Horseart, you don't have to do all that. Atleast from my first hand experience.


----------



## horseart4u (Jun 16, 2011)

Print Tippler said:


> Horseart, you don't have to do all that. Atleast from my first hand experience.


well that is what i have read on here ALOT, when people take hand raised birds and try to toss them in a coop with other birds, they FREAK OUT because they don't know they are a pigeon, they think they are a person.. i was just trying to help and i am glad to hear she isn't going to toss him in right away.


----------



## Print Tippler (May 18, 2011)

Pretty silly. From my hand raised and my extremely tame pouter did just fine. People need to watch what they here on this forum. Like saying " you can't rehome a homer" when they will mean " you shoulnt try to rehome a homer" or " you can't just toss him in there" 

Put the bird in the loft put it's beak in the water and leave it. It will probably find a spot for itself in the loft and that will be it.


----------



## EgypSwiftLady (Jan 14, 2008)

Print Tippler said:


> Pretty silly. From my hand raised and my extremely tame pouter did just fine. People need to watch what they here on this forum. Like saying " you can't rehome a homer" when they will mean " you shoulnt try to rehome a homer" or " you can't just toss him in there"
> 
> Put the bird in the loft put it's beak in the water and leave it. It will probably find a spot for itself in the loft and that will be it.



We have taken in many hand raised pet/house pigeons and they all don't adapt so easily to loft life. They are low pij in the loft and will recieve alot of wing slaps, pushing around & fighting from all the pijjies that have been living in the loft. 
I wish it was as easy as you seem to think it is but thats not always the case. We have a couple of handfed pijjies that after 3-4 tries have never fit into the loft life.

Here at IWFS we watch very closely when we put a new pigeon into an already occupied loft & only after the pigeon was quarentined for at least 30 days.


----------



## Print Tippler (May 18, 2011)

How long did you leave the birds in till you decided they were not going to fit in?


----------



## Charis (Feb 11, 2007)

Print Tippler said:


> Horseart, *you don't have to do all that.* Atleast from my first hand experience.

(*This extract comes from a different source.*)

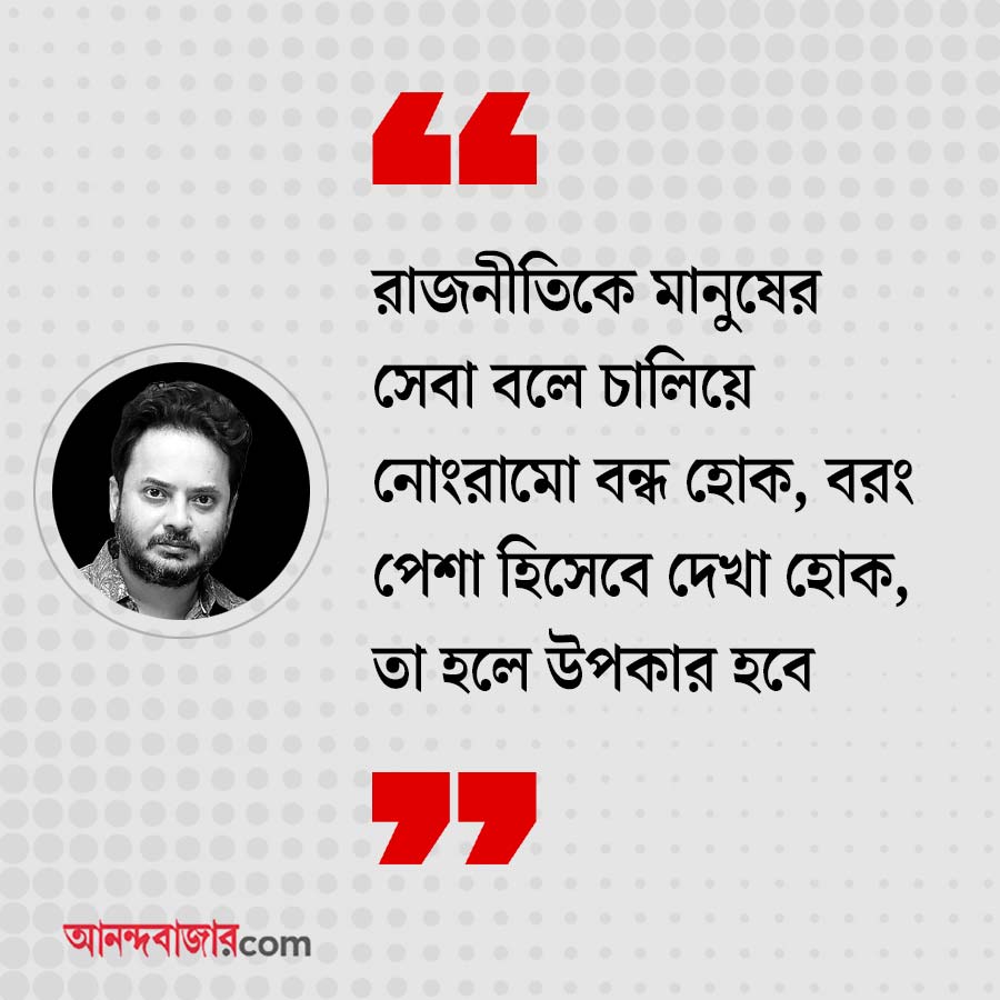 রাহুল: ভালই হয়। ইঞ্জিনিয়ার, চিকিৎসকের তুলনায় অনেক কম সংখ্যক মানুষ পার্লামেন্ট বা বিধানসভায় যাওয়ার জন্য মনোনীত হন। ১৪০ কোটি মানুষের দেশে কত জন আর বিধায়ক-সাংসদ হন? তাই পরীক্ষা হলে ভাল হয়। জেতার পর প্রশিক্ষণও দরকার। আমরা কেন রাজনীতিকে মানুষের সেবা বলে চালিয়ে তার পিছনে এত নোংরামি করতে থাকি? তার বদলে সম্পূর্ণ ভাবে এটিকে একটি পেশা হিসেবে নিয়ে তার জন্য পরীক্ষা, প্রশিক্ষণ ইত্যাদির বন্দোবস্ত করা হোক না কেন!

*No...you really do.* I get hand raised babies, that have been released by a well intended human, and have no concept of who or what to identify with. A hand raised baby has no concept of being a bird and are terrified if just put in with other pigeons.
When hand raising a baby, this can be over come by putting a mirror with the baby so the baby will understand what he/she is.


----------



## Print Tippler (May 18, 2011)

When you show me a multiply cases where hand raised baby's have DIED in the loft it would be better.


----------



## EgypSwiftLady (Jan 14, 2008)

Print Tippler said:


> When you show me a multiply cases where hand raised baby's have DIED in the loft it would be better.



Wow really????  

We would never let it get that far. That is just cruel!  


We have tried intregrate handfeds into a loft off/on over a 3 month period. When the pigeon is stressed, not eating or drinking, losing weight & flying to get to us through the flight wire its not going to live in the loft.


----------



## horseart4u (Jun 16, 2011)

thank you guys for speaking up..i my self have raised hand fed ferals in the past and i did just that took them out side in the loft and had them sit on my lap for an hour at least 3 times a day ( in summer when no school ) if i didn't my mom did. after they were old enough to fly and feed themselves they went out in the loft but they were always supervised by me or my mom till settled in.


----------



## g-pigeon (Aug 24, 2010)

If this baby has been hand raised. it would be nice if someone adopted it and kept it in the house as a pet instead of putting it in a loft. a hand reared tame bird makes a great companion.


----------



## Jay3 (May 4, 2008)

Print Tippler said:


> When you show me a multiply cases where hand raised baby's have DIED in the loft it would be better.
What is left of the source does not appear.